Damien Diggs (born 1975/1976) is an American lawyer serving as United States attorney for the Eastern District of Texas since May 2023.

== Education ==

Diggs earned a Bachelor of Science degree in political science and government from Towson University in 1998 and a Juris Doctor from the Washington College of Law at American University in 2003.

== Career ==

In 2003 and 2004, Diggs served as a law clerk for Judge Rhonda Reid Winston on the Superior Court of the District of Columbia. From 2005 to 2007, he worked as an associate at Hogan Lovells in Washington, D.C. Diggs served as a staff attorney in the United States Department of Education's Office for Civil Rights from 2007 to 2012. Diggs served as an assistant United States attorney in Washington D.C., from 2012 to 2018 and joined the Northern District of Texas in 2018.

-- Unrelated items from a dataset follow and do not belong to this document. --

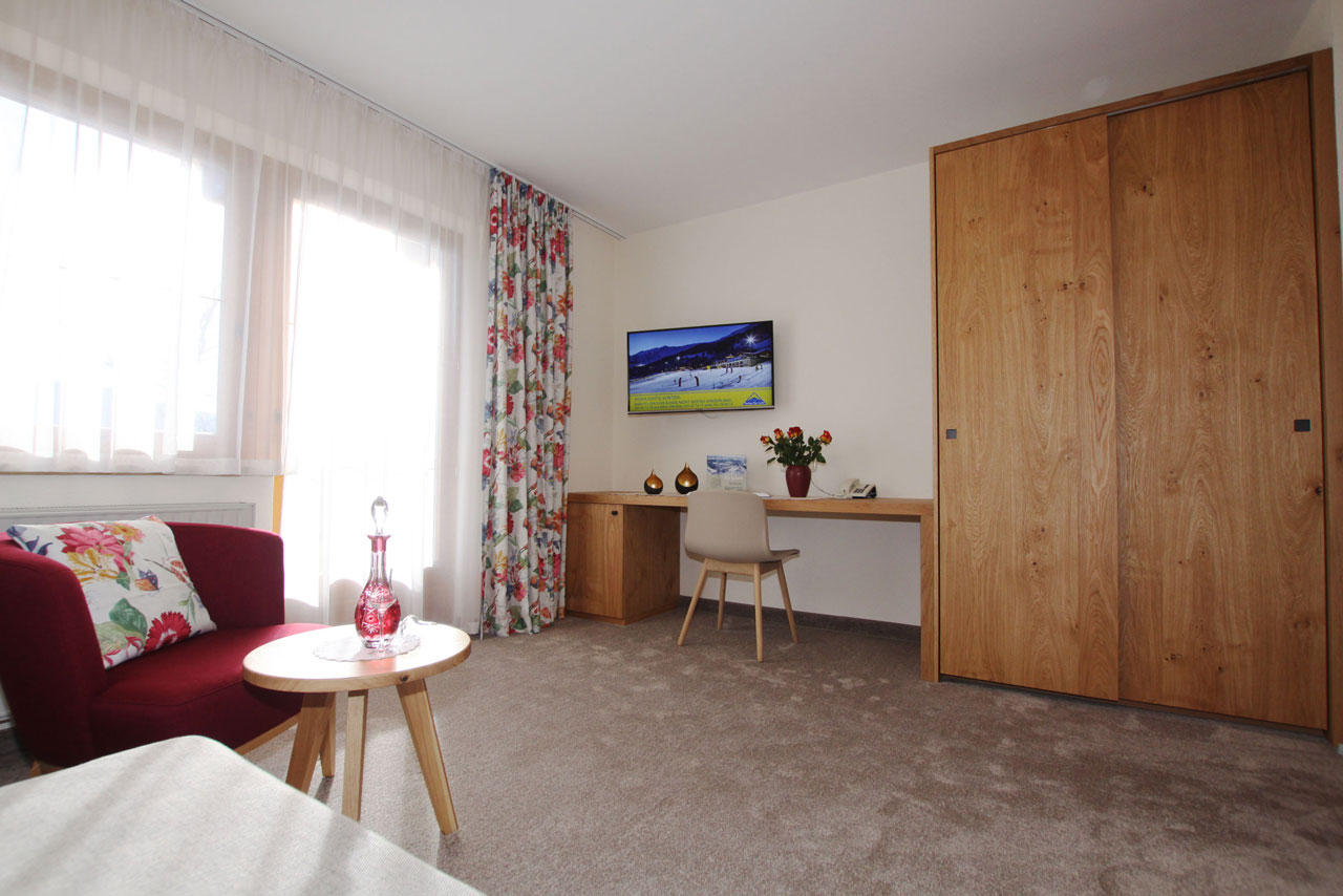 Das Apartment Gartenidylle ist nach „Tiroler Landart“ möbliert und ebenerdig zugänglich. Es ist südostseitig ausgerichtet und verfügt über eine eigene Terrasse mit Garten.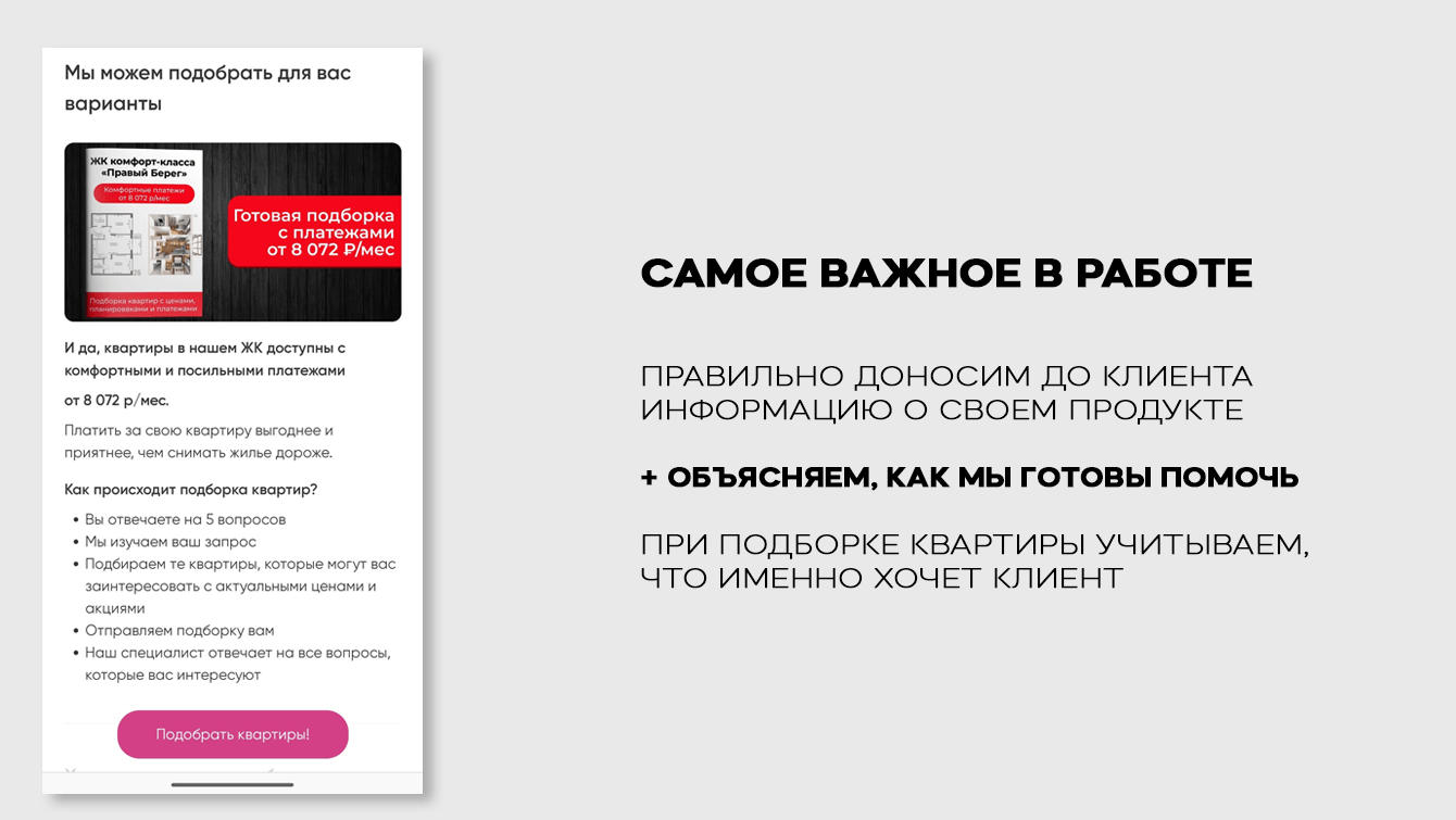 Мы сделали шаг вперёд и разработали своё специальное предложение — мы составляли для клиентов подборки планировок с ценами и помогали разобраться с видами ипотек, которые помогут сэкономить деньги нашим клиентам.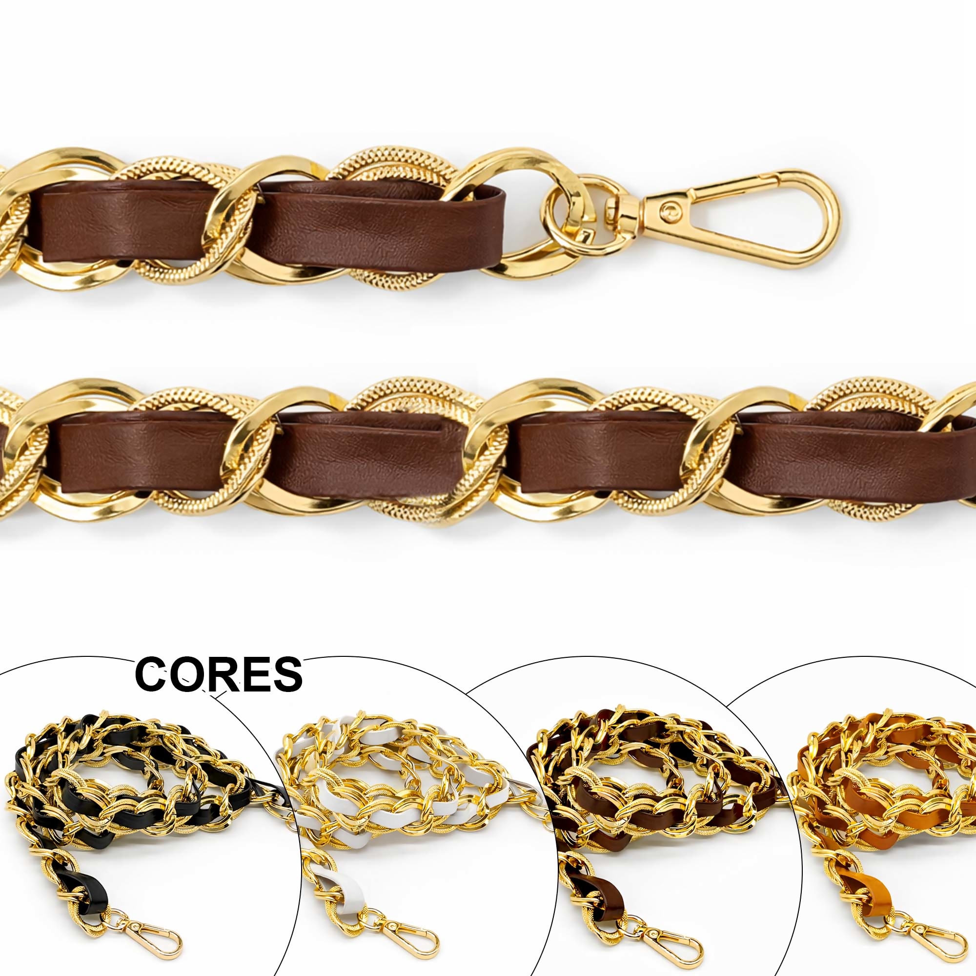 A alça para bolsa corrente com mosquetão é o detalhe que transforma o visual da peça. Com design moderno, mistura corrente dourada em alumínio com acabamento em PU, entregando sofisticação, resistência e leveza na medida certa.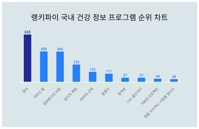 국내 건강 정보 프로그램 트렌드 지수에서 명의가 트렌드 지수 633포인트로 1위에 올랐다.
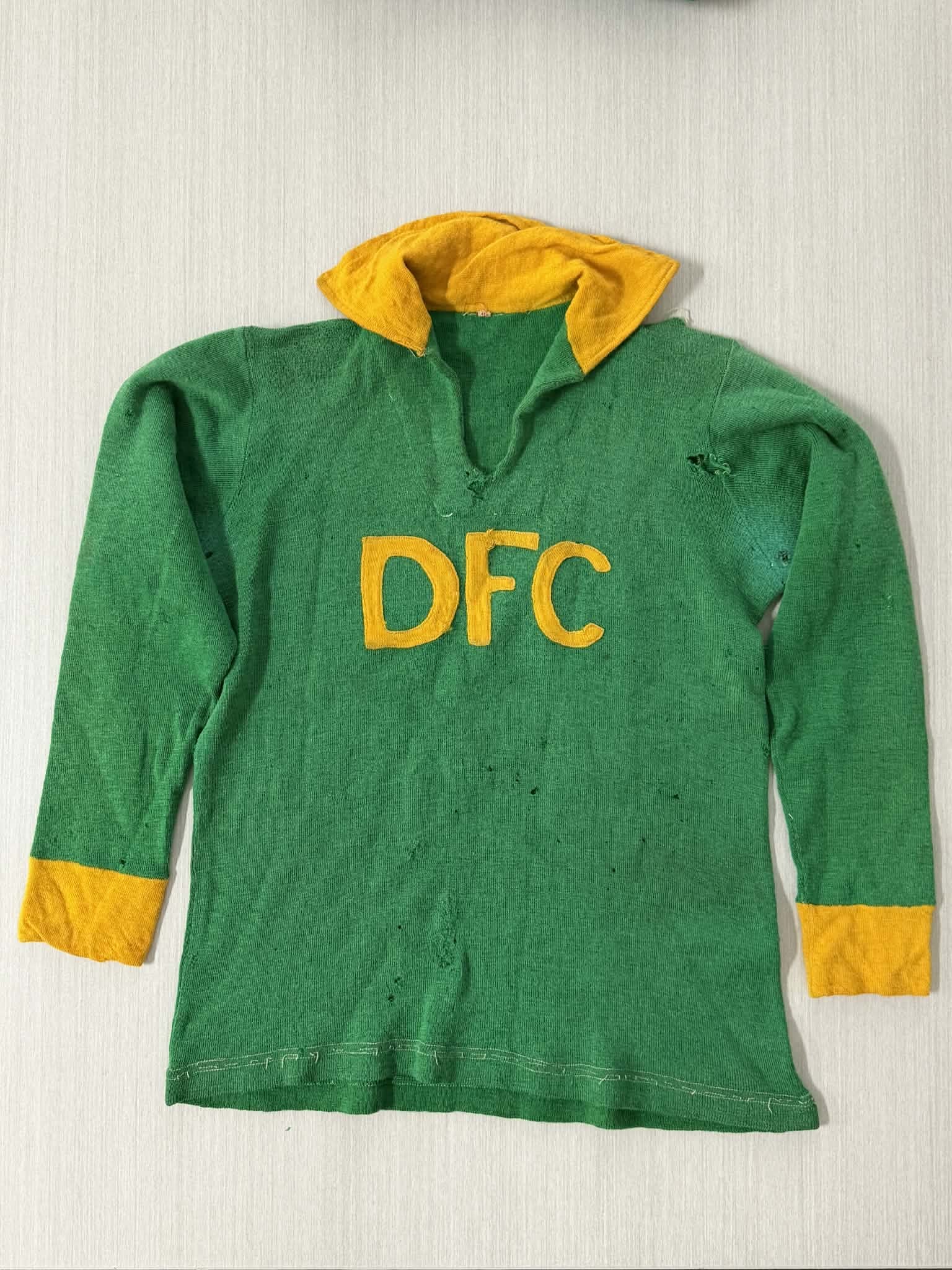 Green knitted woolen jumper with golf cuffs, collar and DFC applique on front. 13 applique on rear of jumper.

=== U.S. attorney for the Eastern District of Texas ===

In August 2022, Diggs was seen as a leading contender to be the U.S. attorney for the Eastern District of Texas. In October 2022, Senator Ted Cruz noted that Diggs was allegedly snubbed by the Biden administration when he was not nominated alongside other U.S. attorney nominees for the various Texas districts. On February 1, 2023, President Joe Biden announced his intent to nominate Diggs to serve as the United States attorney for the Eastern District of Texas. On February 2, 2023, his nomination was sent to the United States Senate. On March 9, 2023, his nomination was reported out of committee by voice vote. On May 4, 2023, the Senate confirmed his nomination by a voice vote. He was sworn in by Chief Judge J. Rodney Gilstrap on May 7, 2023. He is the first African-American to serve as U.S. attorney in the Eastern District of Texas.